Since he wasn’t afraid of meeting new people and was known to be somewhat talkative someone suggested he try selling. After looking around at the people who were dressed well and driving new cars, he decided on the field of real estate.
At the time, real estate was considered an old man’s profession. There weren’t many women in the field and certainly no teenagers. It took Tom several tries to pass his licensing exam, but he eventually succeeded.
The next hurdle was to find someone to hire him. Visiting real estate offices around town on his way home from his construction job, Tom quickly learned the negative impact of the first impressions he was making.
Eventually, one office manager took pity on him and gave him a job. Tom was instructed to show up at the next office meeting in a suit—not his construction clothes. There was only one challenge, Tom didn’t own a suit. He did, however, have a uniform from a band he had been in during high school.
When he arrived at the office meeting, the manager stopped and stared. So did everyone else in the room. Then he heard the manager say, “If that kid in a band uniform can make it in this business, the rest of you better be getting rich!”
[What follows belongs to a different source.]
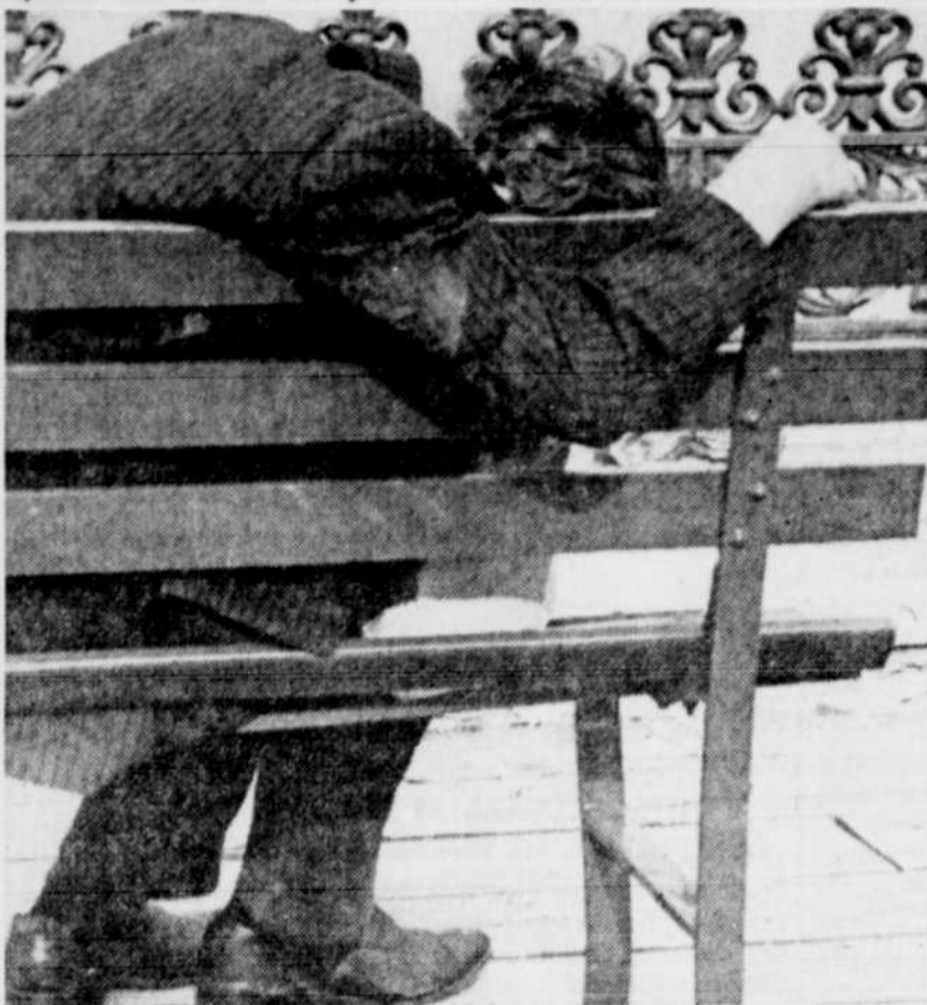
Il y aurait une personne alcoolique par 20 buveurs ou buveuses.

xicomanie, en faisant le lien avec les mauvaises conditions de travail, l'identification des conditions de travail qui favorisent le développement de l'alcoolisme, des programmes syndicaux d'aide à la toxicomanie, un texte interdisant le congédiement pour toute maladie que ce soit par mesures administratives ou disciplinaires et dans les plans d'assurance, le paiement de la totalité des coûts de traitement pour toxicomanie.

Tom’s first six months in real estate were anything but successful. He had sold only one home and averaged $42 a month in income. He was down to his last $150 in savings when a man came into the real estate office promoting a three-day sales training seminar with J. Douglas Edwards. Tom hadn’t yet heard of either “sales training” or Mr. Edwards. He decided to invest his last bit of savings in the program.
Not only did the light of understanding dawn on Tom that selling is a learned skill, he was so inspired by Mr. Edwards’ training that he became an avid student. He attended seminars, read books on selling and even invested in some vinyl records on self-improvement.
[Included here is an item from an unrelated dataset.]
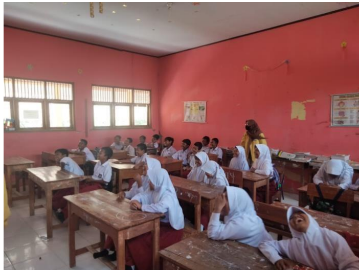
Gambar 2 Ujian Tengah Semester dan ice breaking
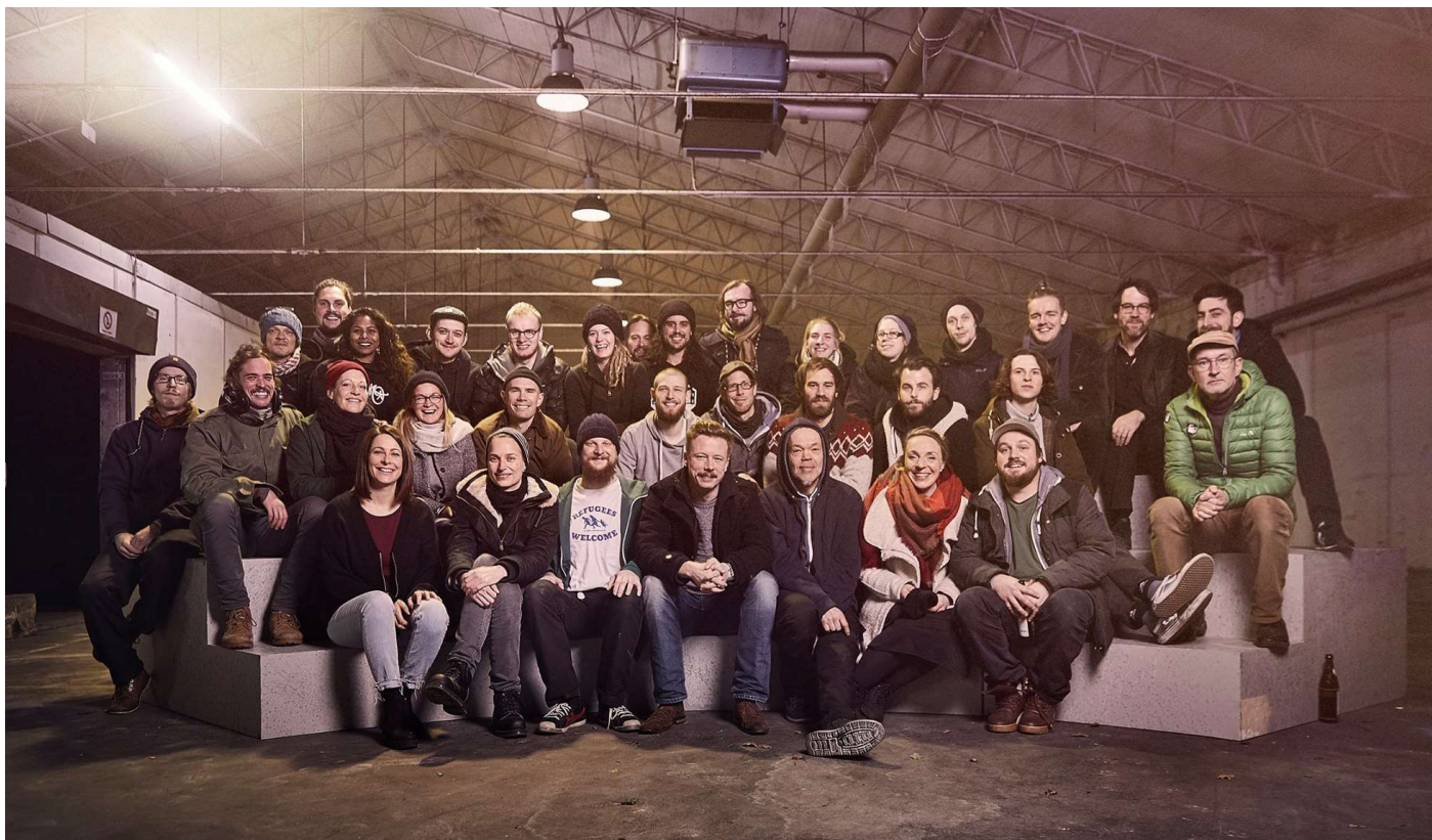
B-Side Kultur e.V. im Hill-Speicher

Das Kollektiv um die B-Side ist davon überzeugt, dass von Offenheit geprägte selbstbestimmte und selbstverwaltete Strukturen Bürger:innen befähigen, einen konstruktiven Beitrag zur Gesellschaft zu leisten. Um maximale Mitbestimmungsmöglichkeiten zu gewährleisten, ist die B-Side daher nach dem soziokratischen Modell organisiert (Soziokratie 3.0) und lädt regelmäßig zur Partizipation an ihrer Standortentwicklung oder ihren Projekten ein.

Tom applied everything he learned and by the time he turned 27, he was a millionaire salesperson in real estate. He set records that remained unbroken until this century. His last year as a real estate agent, he sold 365 homes—the equivalent of one each day. Grand total, he closed 1,553 real estate transactions in a period of six years.
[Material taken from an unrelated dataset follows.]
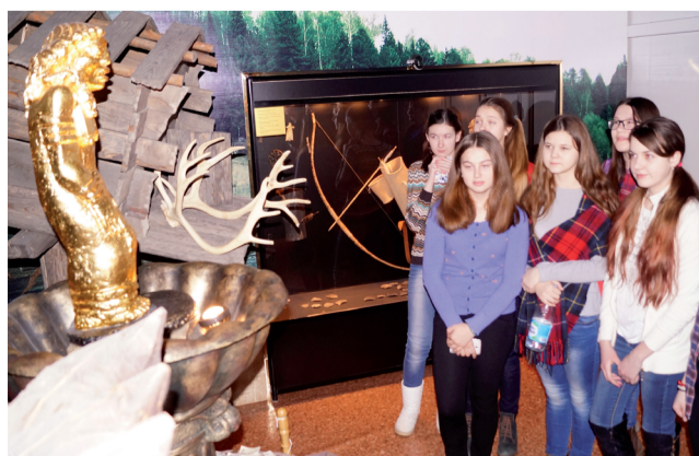
Школьники из Тобольска на экскурсии в музее.

Then, Tom faced his next hurdle. As much as he loved meeting people and talking with them one-on-one, speaking from stage brought back bad memories of a failed performance in a 1 st grade play. However, when he received the many awards he earned and loved, he was often asked to give speeches. Not knowing how to write a speech, Tom started talking about what he did to earn the award—how he sold homes. Everyone wanted to know how he did it so they could do it, too.
Tom turned to J. Douglas Edwards who by this time had become Tom’s mentor. Mr. Edwards said, “You must do what you fear most in order to control your fear.” Taking that message to heart, Tom soon became a dedicated student of public speaking and teaching. Seeing the light of understanding dawn on the faces of those who heard his message created a burning desire in him to help as many people as possible to learn how to sell professionally and a new career was born.
Tom taught pre-licensing courses in the field of real estate first. He also taught courses on how to get started in the business. Eventually, this evolved into his current sales training career where he is recognized as America’s #1 Sales Trainer and The Builder of Sales Champions.
Tom Hopkins understands both sides of the selling equation. He understands the fears of both buyers and salespeople. Buyers don’t want to be “sold” anything. Salespeople fear failure. The selling skills and strategies that Tom Hopkins teaches today reflect an understanding of how to communicate with buyers so they feel confident in making good decisions about the products and services they own. They also are taught in such a manner as to be entertaining and memorable by the sales professionals who seek them out.